Provided data ▸
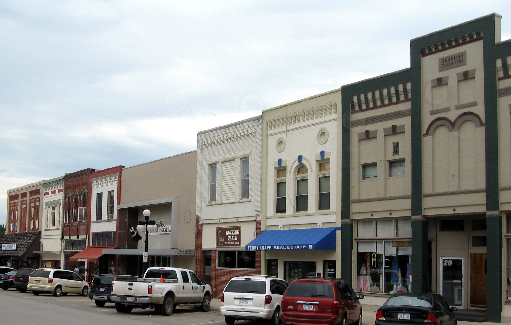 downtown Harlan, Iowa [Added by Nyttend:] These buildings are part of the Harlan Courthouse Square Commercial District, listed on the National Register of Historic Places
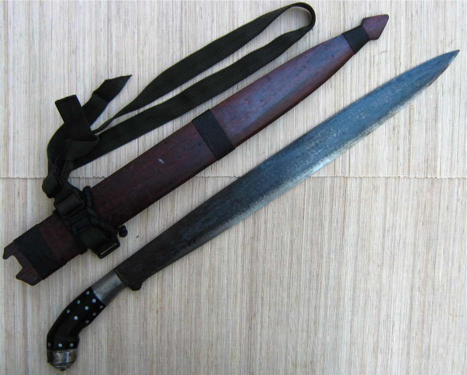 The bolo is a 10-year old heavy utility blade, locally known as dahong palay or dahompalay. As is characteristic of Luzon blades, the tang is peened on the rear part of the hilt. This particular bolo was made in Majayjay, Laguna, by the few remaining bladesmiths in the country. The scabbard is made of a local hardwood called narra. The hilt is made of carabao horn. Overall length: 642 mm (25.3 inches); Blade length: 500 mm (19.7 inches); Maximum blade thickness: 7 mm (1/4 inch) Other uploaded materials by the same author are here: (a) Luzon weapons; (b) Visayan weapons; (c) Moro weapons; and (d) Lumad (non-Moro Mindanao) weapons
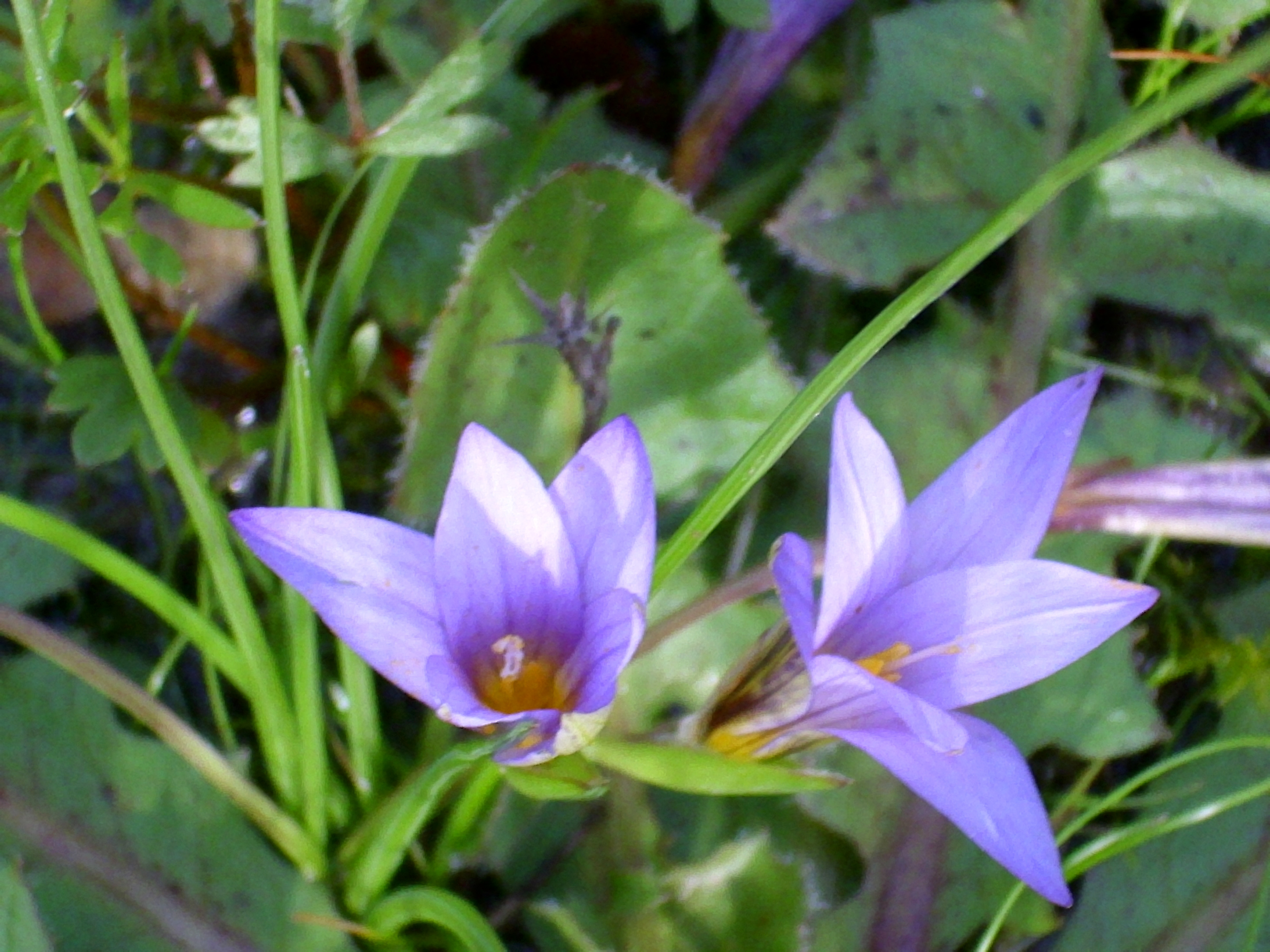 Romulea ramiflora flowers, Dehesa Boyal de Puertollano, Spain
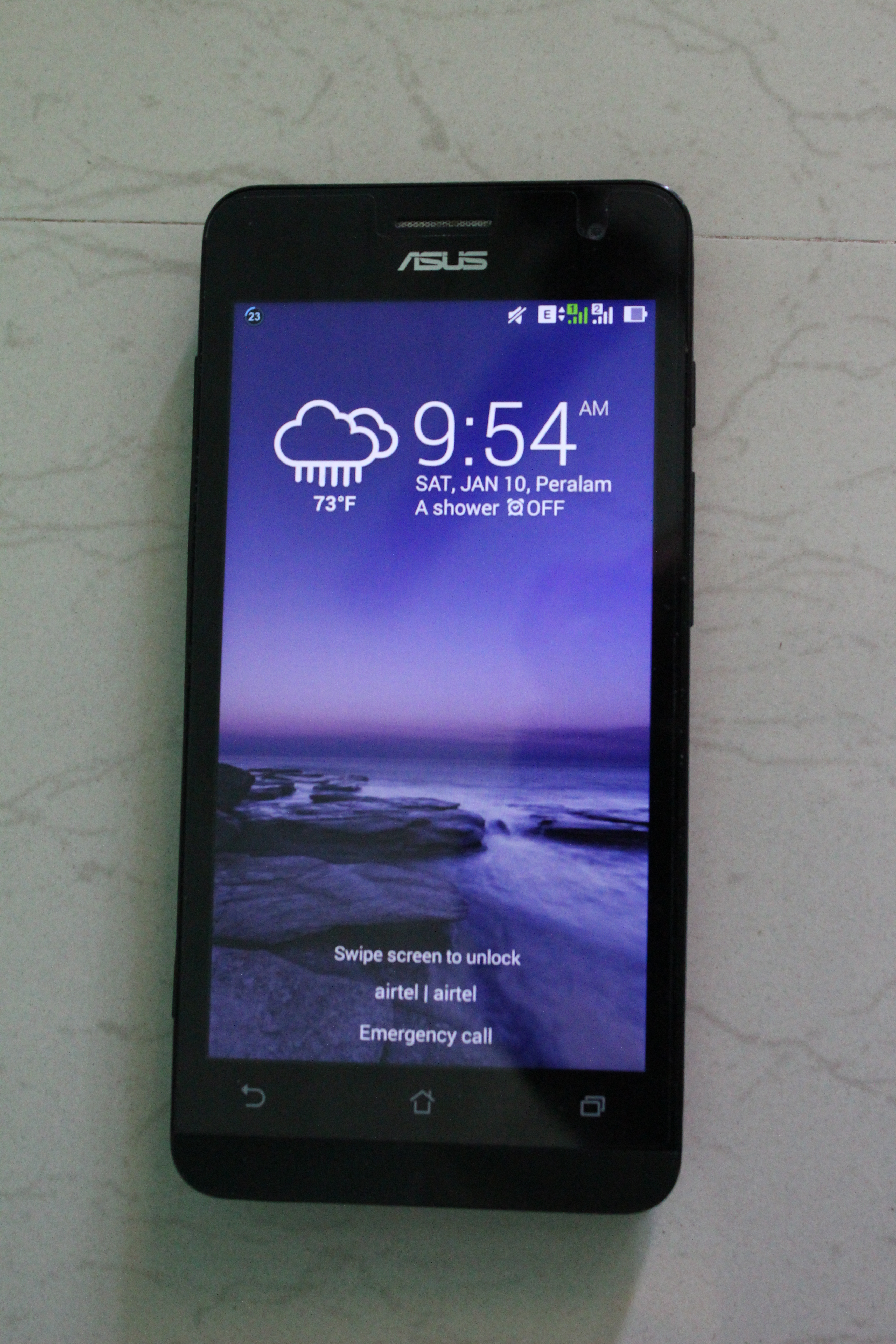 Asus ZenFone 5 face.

Problem to solve ▸ Here the lines from the one with "The bolo is" through the last line of the data above need to be repeated exactly, both included, and any picture omitted.

Completed exercise ▸
 The bolo is a 10-year old heavy utility blade, locally known as dahong palay or dahompalay. As is characteristic of Luzon blades, the tang is peened on the rear part of the hilt. This particular bolo was made in Majayjay, Laguna, by the few remaining bladesmiths in the country. The scabbard is made of a local hardwood called narra. The hilt is made of carabao horn. Overall length: 642 mm (25.3 inches); Blade length: 500 mm (19.7 inches); Maximum blade thickness: 7 mm (1/4 inch) Other uploaded materials by the same author are here: (a) Luzon weapons; (b) Visayan weapons; (c) Moro weapons; and (d) Lumad (non-Moro Mindanao) weapons
 Romulea ramiflora flowers, Dehesa Boyal de Puertollano, Spain
 Asus ZenFone 5 face.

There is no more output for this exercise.